# Activity
Below are some entries. Transcribe the lines from the one holding "Freunde schicken Uwe" to the one holding "În orașul nostru, școlile", inclusive, but not the pictures among them.

# Material for this task
= Beginning of Section =
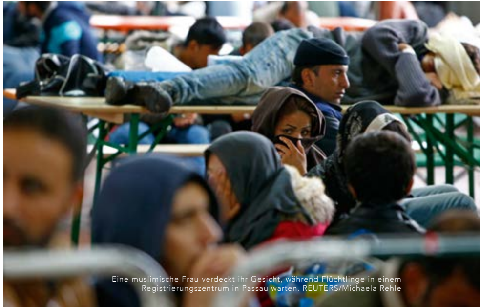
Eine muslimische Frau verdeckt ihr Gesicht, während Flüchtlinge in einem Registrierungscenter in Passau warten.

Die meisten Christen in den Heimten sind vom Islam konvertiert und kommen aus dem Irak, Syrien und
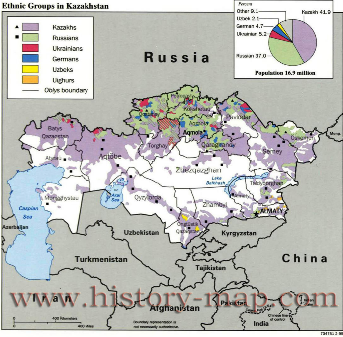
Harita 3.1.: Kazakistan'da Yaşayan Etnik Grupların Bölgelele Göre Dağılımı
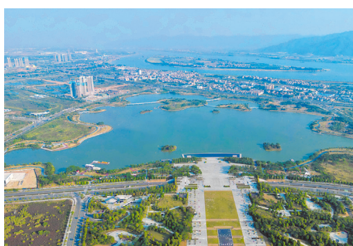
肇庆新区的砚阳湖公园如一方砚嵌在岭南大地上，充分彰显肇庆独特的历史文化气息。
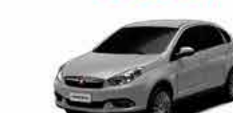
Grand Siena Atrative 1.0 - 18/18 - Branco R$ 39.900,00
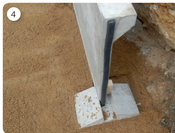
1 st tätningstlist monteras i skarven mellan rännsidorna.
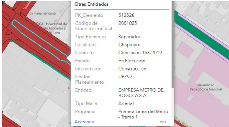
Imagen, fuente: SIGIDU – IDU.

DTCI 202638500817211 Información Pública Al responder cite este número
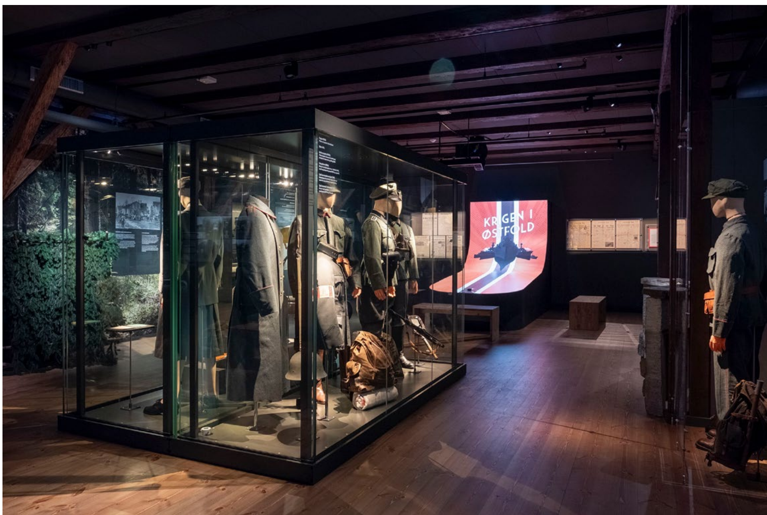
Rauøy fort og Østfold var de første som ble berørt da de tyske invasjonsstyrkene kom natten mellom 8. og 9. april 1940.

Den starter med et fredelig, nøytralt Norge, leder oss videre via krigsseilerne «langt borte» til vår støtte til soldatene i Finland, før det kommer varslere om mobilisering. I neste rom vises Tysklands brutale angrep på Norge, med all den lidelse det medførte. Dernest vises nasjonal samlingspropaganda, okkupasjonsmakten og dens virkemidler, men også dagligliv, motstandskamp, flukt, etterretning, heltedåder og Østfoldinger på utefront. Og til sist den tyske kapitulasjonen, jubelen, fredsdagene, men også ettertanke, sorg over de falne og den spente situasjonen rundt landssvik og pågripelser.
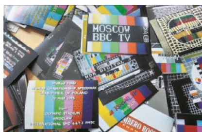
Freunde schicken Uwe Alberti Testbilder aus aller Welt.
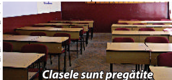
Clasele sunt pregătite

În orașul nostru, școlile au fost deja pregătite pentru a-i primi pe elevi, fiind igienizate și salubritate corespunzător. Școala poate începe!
= End of Section =
= Beginning of Section =
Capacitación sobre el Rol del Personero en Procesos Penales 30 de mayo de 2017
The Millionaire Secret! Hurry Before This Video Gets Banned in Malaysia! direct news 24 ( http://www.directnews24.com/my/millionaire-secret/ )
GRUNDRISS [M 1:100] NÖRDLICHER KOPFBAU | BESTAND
= End of Section =
# Expected answer
Freunde schicken Uwe Alberti Testbilder aus aller Welt.
Clasele sunt pregătite

În orașul nostru, școlile au fost deja pregătite pentru a-i primi pe elevi, fiind igienizate și salubritate corespunzător. Școala poate începe!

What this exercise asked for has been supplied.